Одно из последних стихотворений «На закате» Николай Алексеевич Заболоцкий написал в 1958 году:
«Два мира есть у человека:
Один, который нас творил,
Другой, который мы от века
Творим по мере наших сил.»
В том же году он написал свое последнее стихотворение «Не позволяй душе лениться». Оба стихотворения вошли в сборник, который он составил сам: «Эта рукопись включает в себя полное собрание моих стихотворений и поэм, установленное мной в 1958 году. Все другие стихотворения, когда-либо и напечатанные мной, я считаю или случайным, или неудачными. Включать их в мою книгу не нужно. Тексты настоящей рукописи проверены, исправлены и установлены окончательно; прежде публиковавшиеся варианты моих стихов следует заменять текстами, приведенными здесь». Так он завершил свой труднейший творческий путь, продолжавшийся больше двадцати лет, не позволяя душе его не трудиться изо дня в день.
Первые стихи, безвозвратно утерянные в тысяче километров от Москвы, он написал в 3-ем классе школы в селе Сернур Вятской губернии. В Сернуре земским агрономом был его отец, а мать сельской учительницей. О незабываемой природе родного края вспоминал: «Свою сознательную жизнь я почти полностью провёл в больших городах, но чудесная природа Сернура никогда не умирала в моей душе и отобразилась во многих моих стихотворениях». В стенах начального учебного заведения издавал рукописный журнал со своими стихами о природе и людях как части этой природы. Дома у Заболоцких в большом шкафу находился не один книжный том: произведения А.С.Пушкина, Л.Н.Толстого, Ф.И.Тютчева, М.Ю.Лермонтова, И.С.Тургенева и других наших великих прозаиков и поэтов. В автобиографии поэт писал, что значило раннее чтение для него, чем были для него эти книги, которыми он зачитывался. Они помогли ему определиться с тем, чему посвятил жизнь. Он «выбрал навсегда для себя профессию и стал писателем, сам ещё не вполне понимая смысл этого большого события».

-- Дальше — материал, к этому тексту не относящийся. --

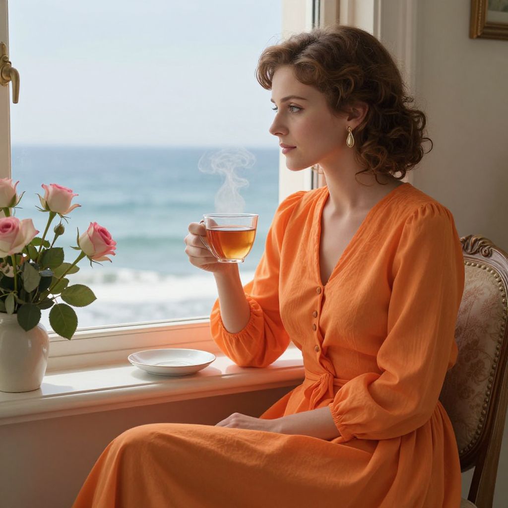 Amidst the timeless allure of vintage elegance, a woman in vibrant orange sits by the window, her hand poised over a steaming cup of tea, as the ocean's rhythmic whispers and the soft scent of roses intertwine with her contemplative gaze, evoking a serene yet introspective moment of connection with the enduring beauty of life.
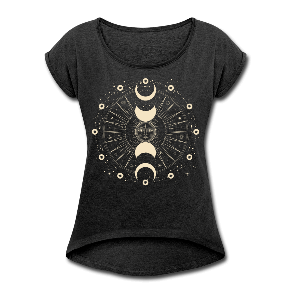 Embrace cosmic energy with our Moon Goddess Roll Cuff Tee, featuring a celestial moon phase design that honors divine feminine power. Perfect for spiritual souls and modern mystics, this boho moon graphic tee is soft, breathable, and effortlessly stylish. The astrology-inspired artwork blends sacred geometry with lunar symbolism, making it a must-have for fans of witchy fashion, goddess vibes, and moon cycle awareness. With its relaxed fit and rolled cuffs, this lunar goddess shirt is ideal for yoga, meditation, or everyday magic. Express your inner moonchild with this enchanting, symbolic piece.
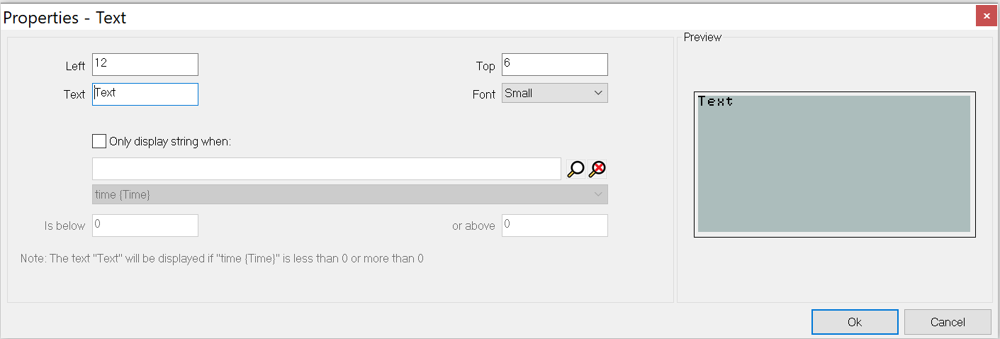 • Only display string when (Show Text based on a value)
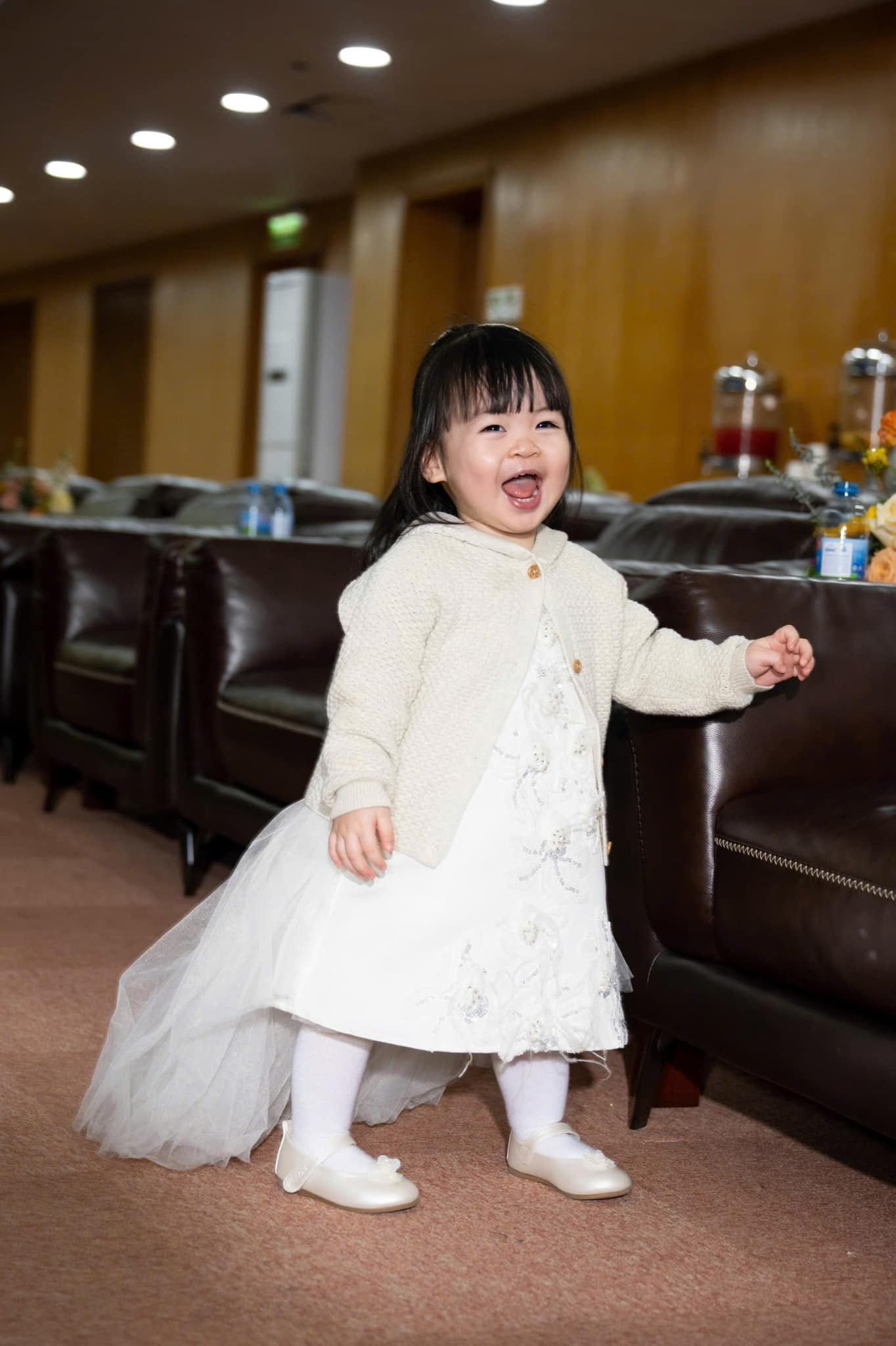 Khoảnh khắc công chúa nhỏ đu người lên khi nắm tay bố và bác, khiến cả hội trường bật cười vì sự đáng yêu và dạn dĩ của "công chúa nhà Chủ tịch". Nhiều người bình luận rằng: "Bé đúng là bản sao thu nhỏ của mẹ, vừa xinh xắn vừa đáng yêu".

В 1920 году Заболоцкий, закончив реальное училище, уехал в Москву. Учился в педагогическом институте имени Герцена и параллельно на медицинском факультете: там давали паек. Непрерывно писал стихи, пытаясь найти собственный голос: «Появляется какое-то иное отношение к поэзии, тяготение к сильному смысловому образу». В эти годы знакомится с Даниилом Хармсом и Александром Введенским. Друзья создают ОБЭРИУ – Общество реального искусства: «Люди конкретного мира, предмета и слова, – в этом направлении мы видим свое общественное значение. Ошущать мир рабочим движением руки, очищать предмет от мусора стародавних истлевших культур, – разве это не реальная потребность нашего времени? Поэтому и объединение наше носит название ОБЭРИУ – Объединение Реального Искусства».
Свои стихи Заболоцкий, обретший после долгих поисков собственный голос, собирает в книгу «Столбцы», изданную в 1929 году. Тираж разошелся за два дня в Москве и Ленинграде. Чуковский, Маршак, Каверин поддержали молодого поэта. Но многие не поддержали. Они в своих статьях обругали Заболоцкого, который осмелился сказать своим голосом:
«О мир, свернись одним кварталом,
Одной разбитой мостовой,
Одним проплеванным амбаром,
Одной мышиною норой,
Но будь к оружию готов:
Целует девку – Иванов!» («Ивановы», 1928)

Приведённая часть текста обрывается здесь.